WHAT THE TASK ASKS:
Only the lines from the one containing "Room has a double" to the end of the records belong in the answer; repeat them exactly and drop the pictures.

Dataset records:
=====
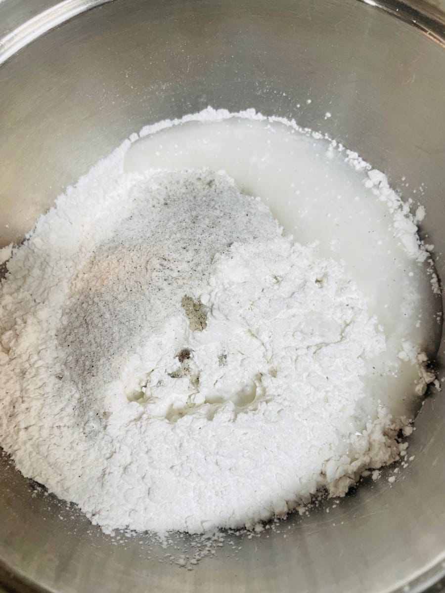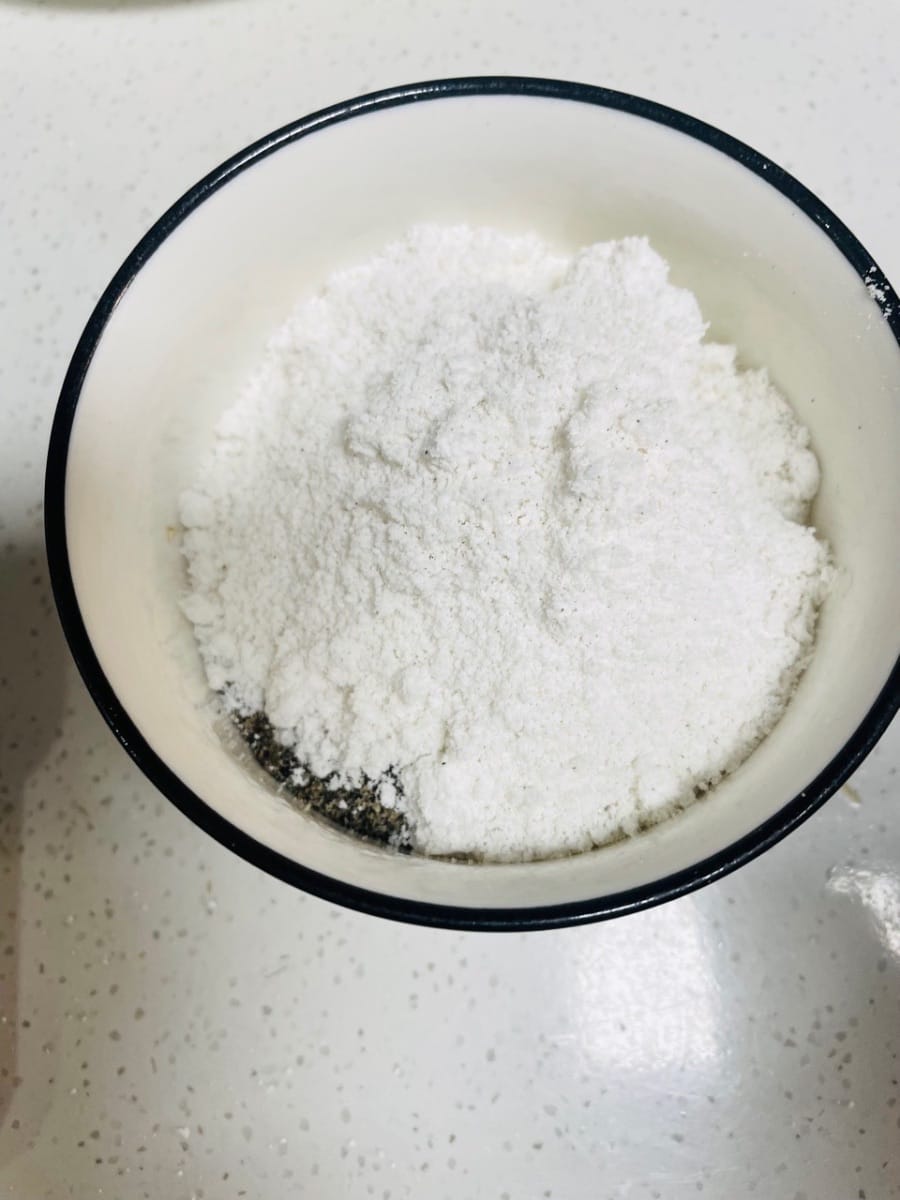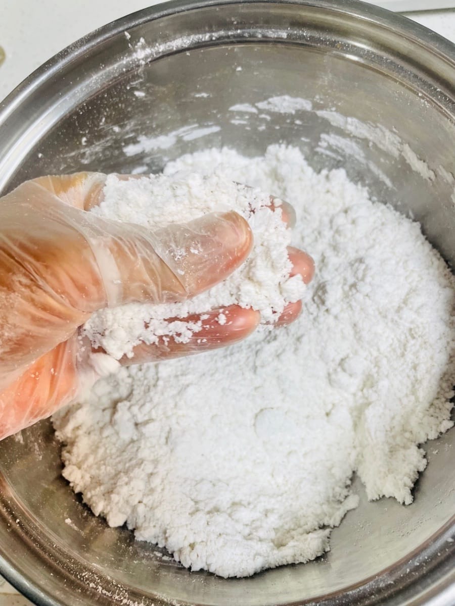 - Reismehl und Klebreismehl in einen Behälter geben, Puderzucker hinzufügen (mein Puderzucker war durch schwarzes Sesampulver "schwarz gefärbt", das war wohl ein kleiner Fehler~), dann 95 g Wasser dazugeben und gut umrühren.
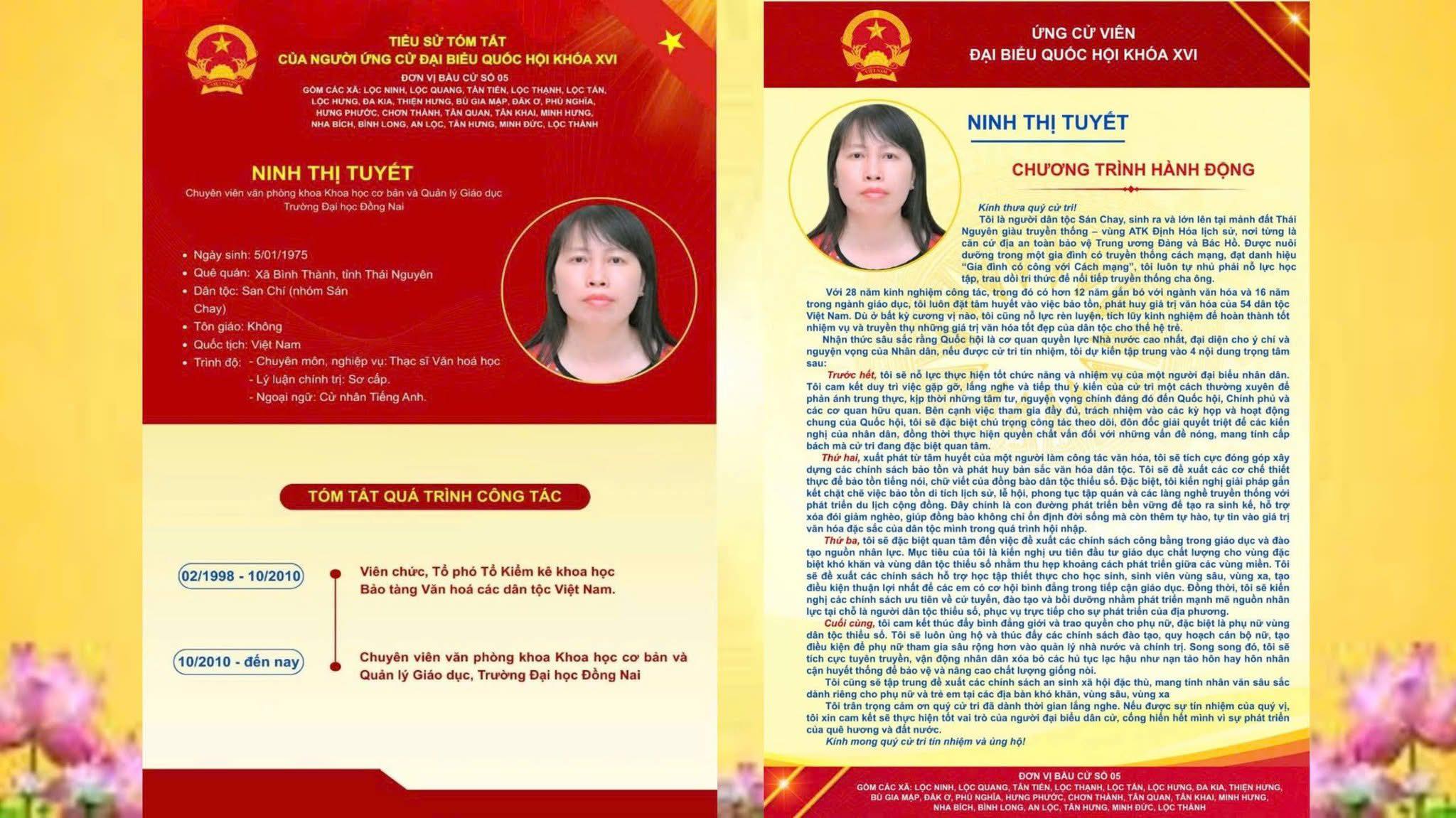 TIỂU SỬ TÓM TẮT CỦA NGƯỜI ỨNG CỬ ĐẠI BIỂU QUỐC HỘI KHOÁ XVI TẠI ĐƠN VỊ BẦU CỬ SỐ 5 TỈNH ĐỒNG NAI.
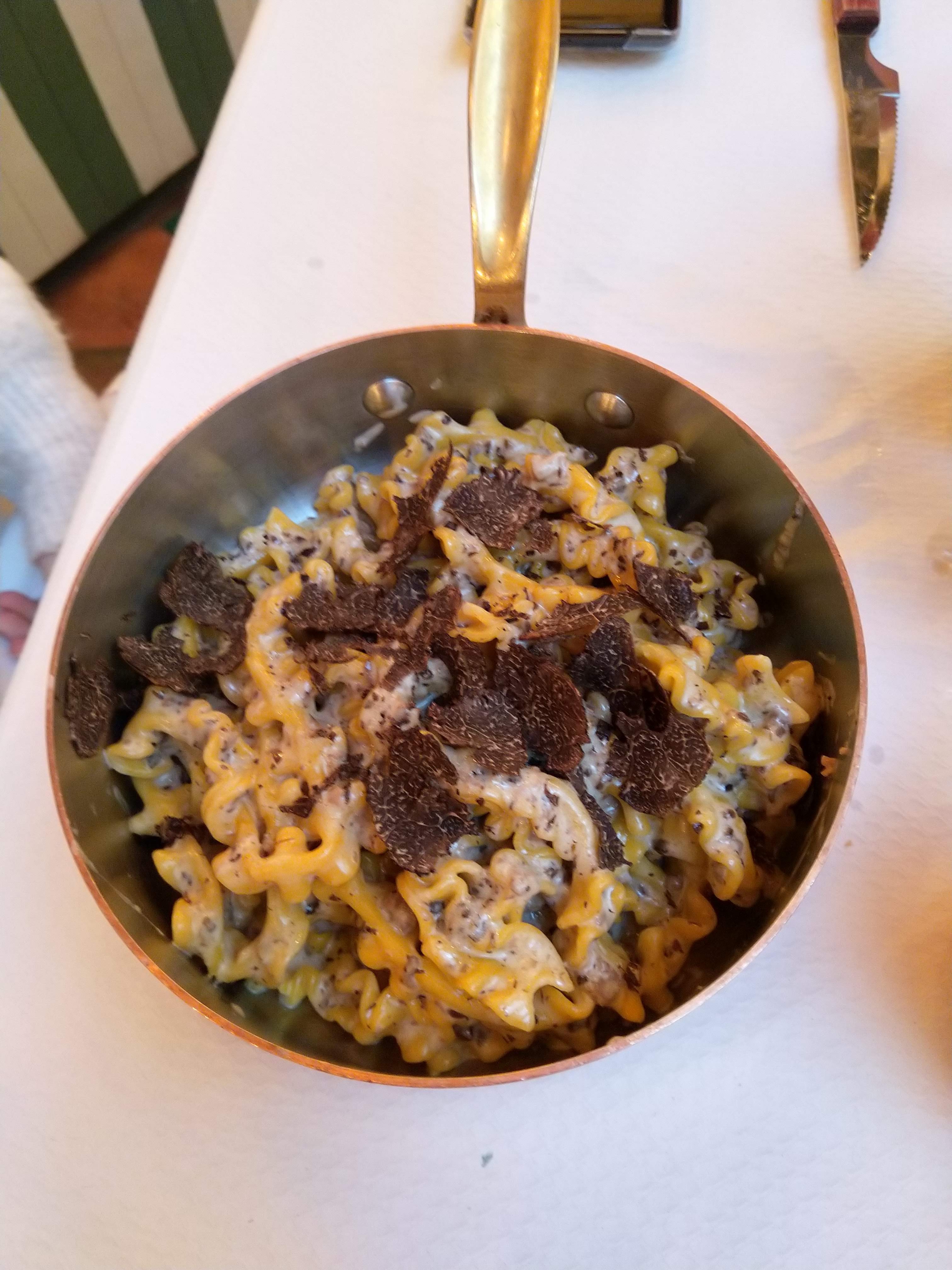 Très bonnes pâtes à la tomate et à la truffe. La pizza aussi était un délice et le tiramisu super bon.
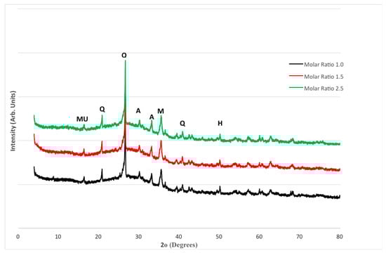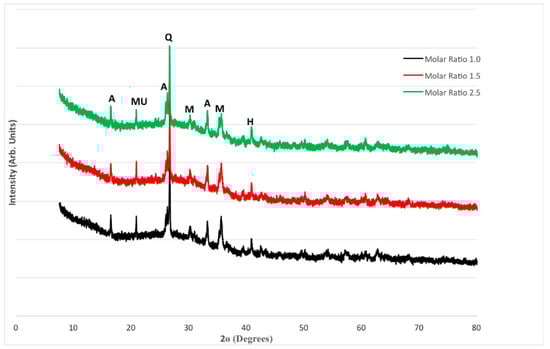 The XRD patterns for FA and MK-based geopolymers are shown in Figure 9. The largest peak, which can be observed at around 27°, was identified as quartz (SiO2). Amorphous phases are also indicated by multiple tiny peaks between 20° and 40°. Mullite, Maghemite, Haematite, and Aluminum Silicon Oxide (Al2 SiO5) are among the other phases discovered. Despite the increase in compressive strength seen in Figure 1, there is little variation between the three blends. On the other hand, the intensity of quartz in Mix 3 with a molar ratio of 2.5 is slightly higher. A rise in compressive strength usually corresponds to an increase in the intensity of crystalline products, particularly quartz. This is in line with the fact that Mix 3 has a higher compressive strength, as well as a denser matrix, as seen in Figure 1.
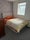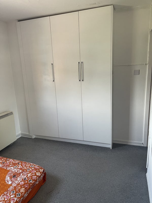 Room has a double bed and chest drawer and small wall cupboards.
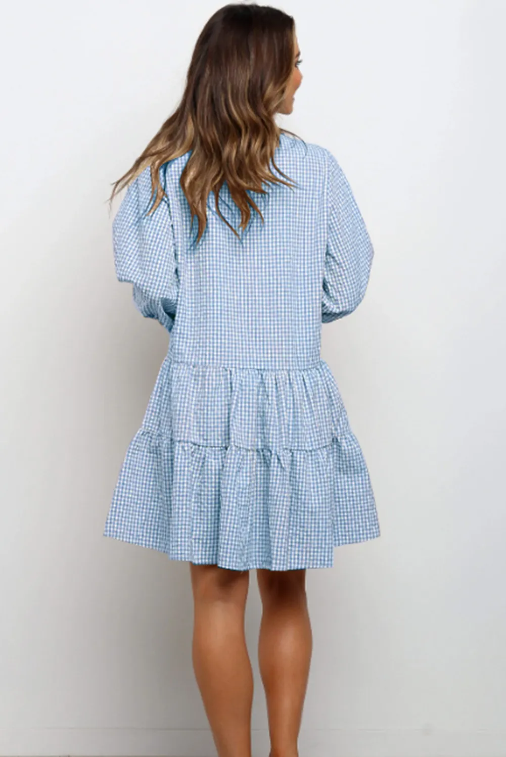 "Discover the Plaid Printed Ruffle Dress with V-neck and three-quarter sleeves. A versatile and stylish addition to your wardrobe, perfect for various occasions."
=====
RESULT:
 Room has a double bed and chest drawer and small wall cupboards.
 "Discover the Plaid Printed Ruffle Dress with V-neck and three-quarter sleeves. A versatile and stylish addition to your wardrobe, perfect for various occasions."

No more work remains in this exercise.